(Requirement) With the pictures left out, retype exactly the lines below starting at the line that contains "Cardiac weight: When" and ending at the line that contains "A conceptual framework".

(Material provided)
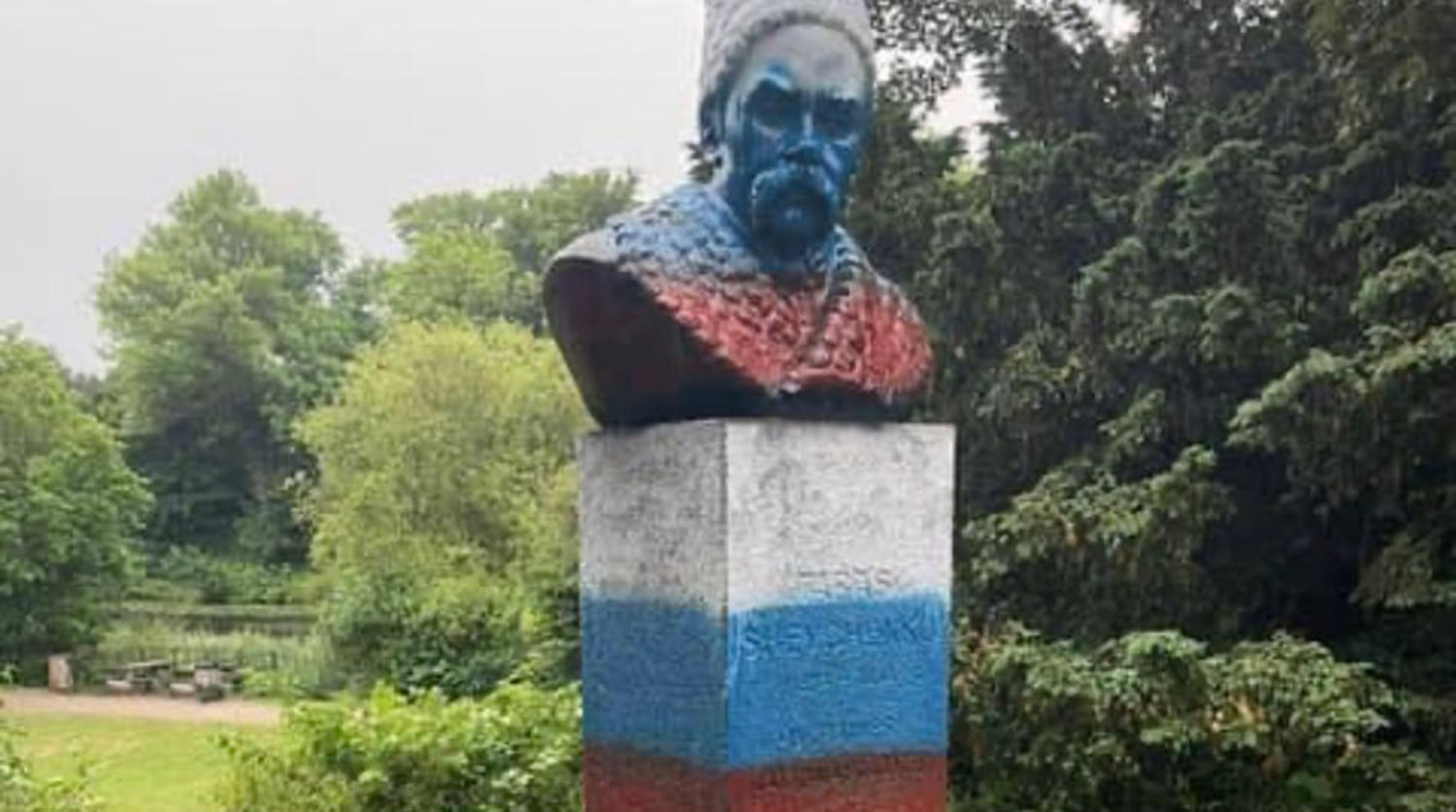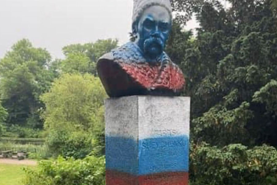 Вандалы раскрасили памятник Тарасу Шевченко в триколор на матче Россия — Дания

==

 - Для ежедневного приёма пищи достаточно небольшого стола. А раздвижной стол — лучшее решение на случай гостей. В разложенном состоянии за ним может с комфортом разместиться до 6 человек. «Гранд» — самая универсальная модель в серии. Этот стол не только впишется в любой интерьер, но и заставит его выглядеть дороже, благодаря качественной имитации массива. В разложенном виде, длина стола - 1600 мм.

* * *

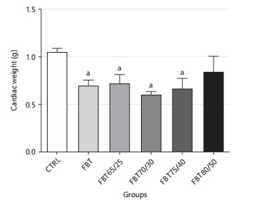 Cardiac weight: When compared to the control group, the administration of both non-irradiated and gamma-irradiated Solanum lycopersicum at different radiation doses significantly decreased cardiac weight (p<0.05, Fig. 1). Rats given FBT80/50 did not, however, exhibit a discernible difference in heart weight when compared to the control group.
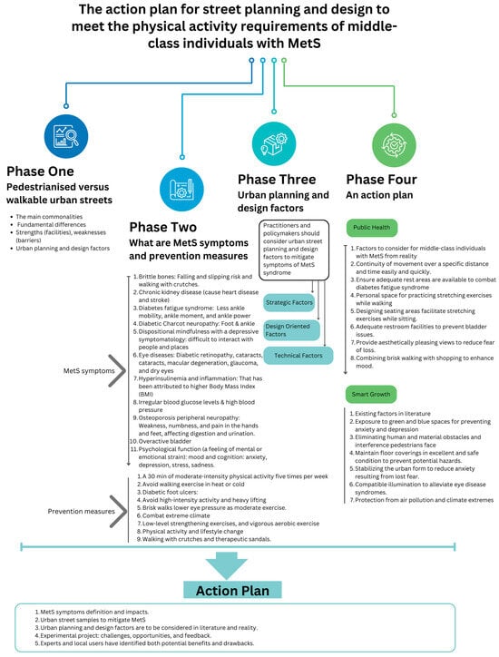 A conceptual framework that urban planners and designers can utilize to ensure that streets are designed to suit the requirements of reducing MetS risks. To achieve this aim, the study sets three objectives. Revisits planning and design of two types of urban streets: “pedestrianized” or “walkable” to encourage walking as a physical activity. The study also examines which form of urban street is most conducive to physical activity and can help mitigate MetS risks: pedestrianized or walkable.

(Written response)
 Cardiac weight: When compared to the control group, the administration of both non-irradiated and gamma-irradiated Solanum lycopersicum at different radiation doses significantly decreased cardiac weight (p<0.05, Fig. 1). Rats given FBT80/50 did not, however, exhibit a discernible difference in heart weight when compared to the control group.
 A conceptual framework that urban planners and designers can utilize to ensure that streets are designed to suit the requirements of reducing MetS risks. To achieve this aim, the study sets three objectives. Revisits planning and design of two types of urban streets: “pedestrianized” or “walkable” to encourage walking as a physical activity. The study also examines which form of urban street is most conducive to physical activity and can help mitigate MetS risks: pedestrianized or walkable.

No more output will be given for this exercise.